The neighborhood had been quieter since last Thursday, since school was out to bridge the long weekend between Mother's Day on the 10th and Teacher's Day, yesterday, on the 15th. Today sounded more like a Monday than a Wednesday, with snare drums rattling in accompaniment to discordant bugle blasts, not too long after eight in the morning from the Margarita Maza de Juárez elementary school across the street.
The first day of the school week always begins with a woman's voice over a loudspeaker directing a patio full of uniformed children. To those of us on the other side of the high walls--that line of cinder block around the complex of two-story green and white buildings, emblazoned with the unintentionally-rendered but nevertheless menacing face of President Benito Juárez's wife--the muffled, monotonous, and yet undeniably commanding voice drapes itself over our homes. I sometimes liken it to the sound of a muezzin's call to morning prayer, only that this voice is calling the kids to begin their rendition of the Mexican national anthem.
It's always an earnest, endearing and slightly comic performance, with the loudspeakered voice all but drowning out those of the children, and the haphazard sounds of drums and bugles played by the few remaining students doing their best to approximate the anthem's official rhythm and notes. A tune that couldn't possibly be more classic in its embodiment of the march tradition, it sounds both weary and hopeful coming from the school's little ritual of ceremony and practice.
We hear it at midnight, too, on those nights driving home after a late movie, the radio tuned to Horizonte or Reactor. Every television or radio station must play it at the beginning and end of their broadcasts, turning the minutes and the airwaves after twelve into a choral interlude. Click here to hear it, and go ahead: imagine being in the car with us on those windy roads home. And if you like, you can read along to the lyrics here, too.
I think you'll agree that it's not the type of anthem (or as it's actually called here, a hymn) that would easily prompt soccer stadiums to invite musical superstars in for a Beyoncé-style, roof-raising, lax-tempoed, improvised-vocal-flourished rendition. And so, the pregame performance usually goes like this. It might be more rigid, but it's certainly still regal. The salute even seems more formal, the right hand placed not with the palm flat over the heart, but rather with the palm facing the floor and the thumb-side to the chest.

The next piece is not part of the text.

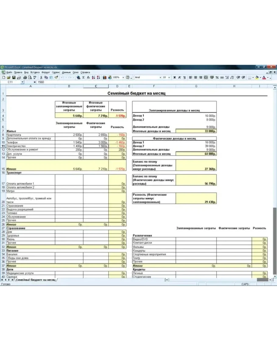 Как пользоваться: В начале месяца вы вносите приблизительные данные ожидаемых доходов и расходов по пунктам, названия которых там уже есть (наименований в таблице в избытке, некоторые пункты вы можете просто не заполнять, либо удалить, либо заменить какими-то своими). В течение месяца вносите в соответствующие ячейки фактические расходы. А в конце месяца смотрите разницу и делаете выводы. Очень удобно. Особенно наглядно видно по итогам месяца, где можно было воздержаться от трат, где сэкономить и т.д.

Almost any song collectively known and sung, especially about one's country and its autonomy in particular, tends to rally up emotions in just about any citizen. Mexico's anthem is not exception. And yet still it gives pause to think about the nature of the lyrics: imagery of war, cannon-fire, soldiers and blood that become a necessary means to certain ends: the ideas of victory, glory, honor, union--and liberty. It's all nothing if not sobering. Violence and peace are virtually, paradoxically inseparable.

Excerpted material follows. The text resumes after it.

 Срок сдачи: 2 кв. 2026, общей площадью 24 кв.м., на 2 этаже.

But not many of us think about that in too much depth when it comes right down to the singing. In fact, it's no secret that many children and even adults--those who have likely never seen the lyrics in writing, who haven't worked out the full meaning of the sometimes archaic wording--can misunderstand what they've learned to sing. Perhaps it's an urban legend, but plenty of people have heard of birth certificates boasting the name 'Masiosare.' It sounds pleasant enough, doesn't it? But it comes from the middle of the anthem's first verse: "Mas si osare..." is the phrase, meaning "But if [someone] should dare...". I can understand hearing that and then thinking it might name a certain 'Masiosare,' but I'm doubtful of the claim that anyone would name their child after the [someone] in that line, who in the second half is revealed to be an "enemy outlander."
And yet, who knows? All things are possible. A popular sushi chain here even serves up a delicious Masiosare Roll...If anything, it's proof that the national anthem holds a firm place in the national consciousness--something also confirmed almost every week of the academic year, right across the street from our house.
el "mas" que se usa en la frase "mas si osare.." no lleva acento.
más = more
mas = but
Posted by: dna | May 19, 2007 at 10:55 PM
I really like your blog, you probably have no idea about how Mexican you sound when sharing your insight.
However, I can say that now I've seen it all... an estadounidense living in Nicolás Romero. No offense, but I've always found the place really, really ugly. However, I haven't been there in years.